# Graphene Batteries are here!



## Grand Guru (6/2/20)

I have heard about this technology about a decade ago. It’s finally on the market!

Reactions: Like 4 | Winner 4 | Informative 4


----------



## Silver (6/2/20)

Thanks @Grand Guru 

Been waiting for improvements in battery tech, which seems to have been quite stable for many years

This does look interesting

One day I look forward to a 10,000 mah battery the size of a coin that can charge up in a few mins
That would be epic for vaping

Reactions: Like 2 | Agree 5 | Can relate 1 | Optimistic 1


----------



## Resistance (6/2/20)

Silver said:


> Thanks @Grand Guru
> 
> Been waiting for improvements in battery tech, which seems to have been quite stable for many years
> 
> ...



That's straight nuclear. Perfect for a mech.

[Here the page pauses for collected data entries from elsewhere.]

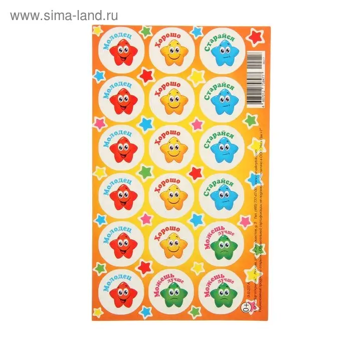 Наклейки детские, поощрительные «Цветные звёздочки»
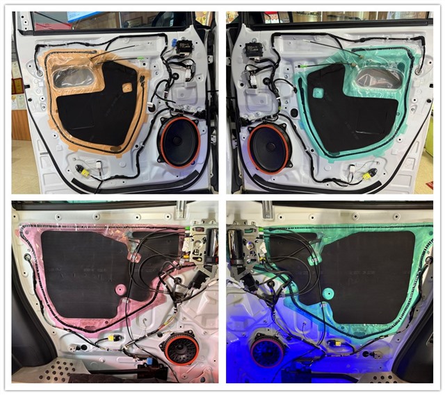 門板最容易受到外界噪音的影響,像風噪和共振,大多就是通過這里傳進來的。為了改善這一情況,改裝師先在門板貼上雙層大能紅派隔音材料。強化鈑金結構,減少因震動帶來的噪音。接著,又在門板飾蓋上粘貼一層大能溫莎吸音棉。這種吸音棉是用柔軟而高密度的材料制成的,能有效吸收中高頻的雜音。兩種材料搭配使用,能大大提升門板的隔音效果,讓車內環境更加安靜、舒適。
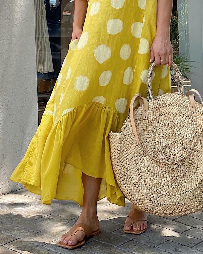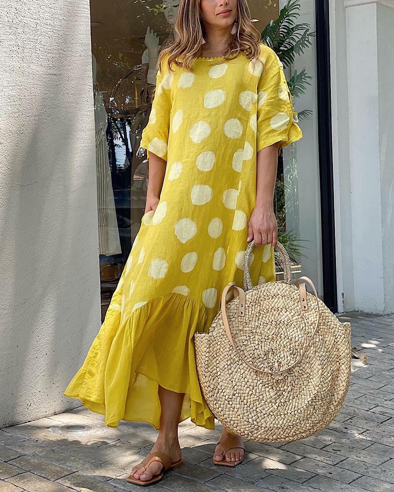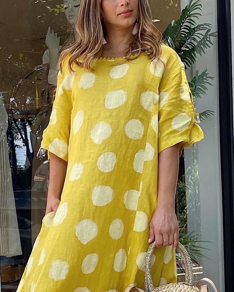 Casual short sleeve polka dot print dress
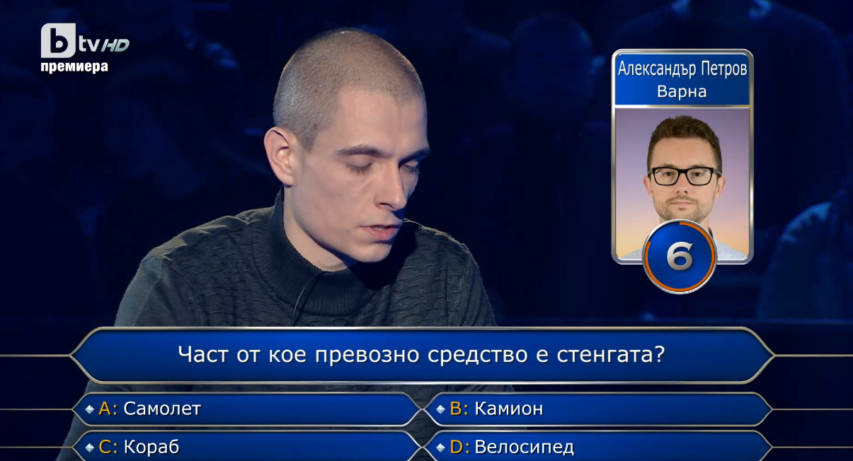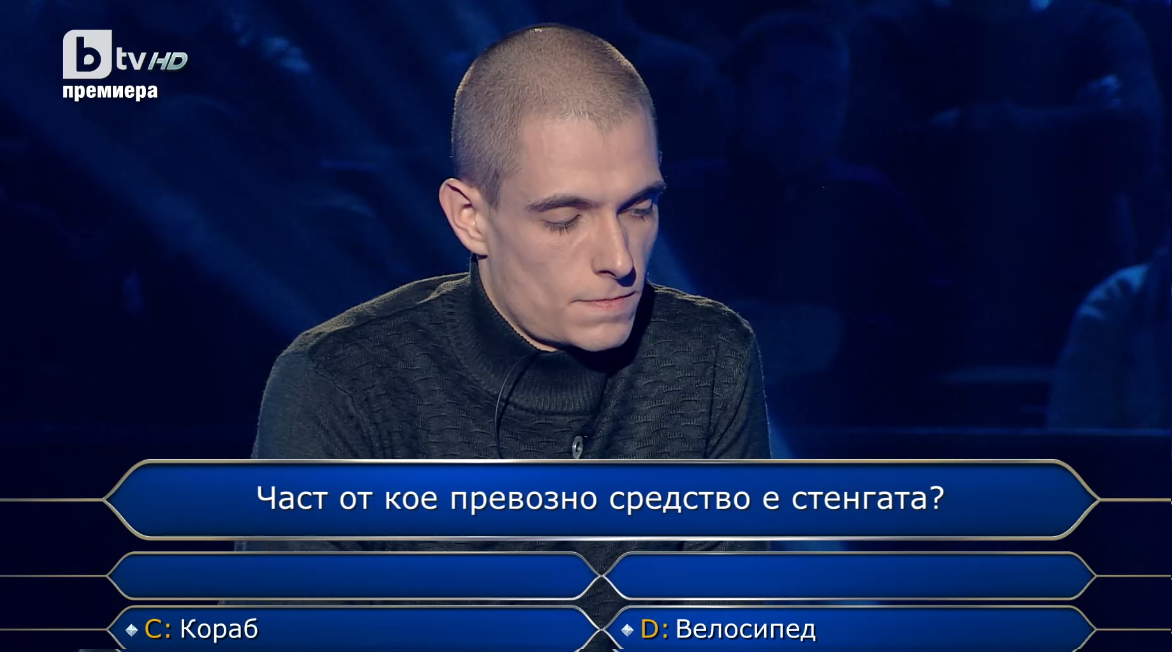 Въпросът за 1500 лева беше: „Част от кое превозно средство е стенгата“? - Самолет, Камион, Кораб и Велосипед.

Reactions: Like 2 | Funny 2


----------



## zadiac (7/2/20)

Silver said:


> Thanks @Grand Guru
> 
> Been waiting for improvements in battery tech, which seems to have been quite stable for many years
> 
> ...



Minutes? Why so long? Seconds brother, seconds!

Reactions: Like 2 | Funny 3


----------



## zadiac (7/2/20)

I would order one of these just to check it out, but budget won't allow it ..........for now

Also, they don't ship internationally..........Uncle @Rob Fisher, maybe you'd want to give it a go as you have that shipping address thingy over there?

Reactions: Like 1


----------



## Rob Fisher (7/2/20)

zadiac said:


> I would order one of these just to check it out, but budget won't allow it ..........for now
> 
> Also, they don't ship internationally..........Uncle @Rob Fisher, maybe you'd want to give it a go as you have that shipping address thingy over there?



Shipping batteries by courier is a no-no... but can be done and expensive! If it was a 18650 Graphene battery I would be all over it like a rash!


----------



## zadiac (7/2/20)

Rob Fisher said:


> Shipping batteries by courier is a no-no... but can be done and expensive! If it was a 18650 Graphene battery I would be all over it like a rash!



Ah....I see. Well, that's it then. We'll just have to wait until some vendor over here gets them.

Reactions: Agree 1


----------



## Resistance (7/2/20)

Silver said:


> Thanks @Grand Guru
> 
> Been waiting for improvements in battery tech, which seems to have been quite stable for many years
> 
> ...



Maybe these could also bail out eskom

Reactions: Like 1 | Funny 1


----------



## zadiac (8/2/20)

Resistance said:


> Maybe these could also bail out eskom



Only a miracle can bail out eskom at this stage

Reactions: Agree 2 | Funny 1


----------



## Resistance (8/2/20)

zadiac said:


> Only a miracle can bail out eskom at this stage


I wonder what they do during load shedding because they all still get paid to be at work during that time. I think that's the best place to work right now.


----------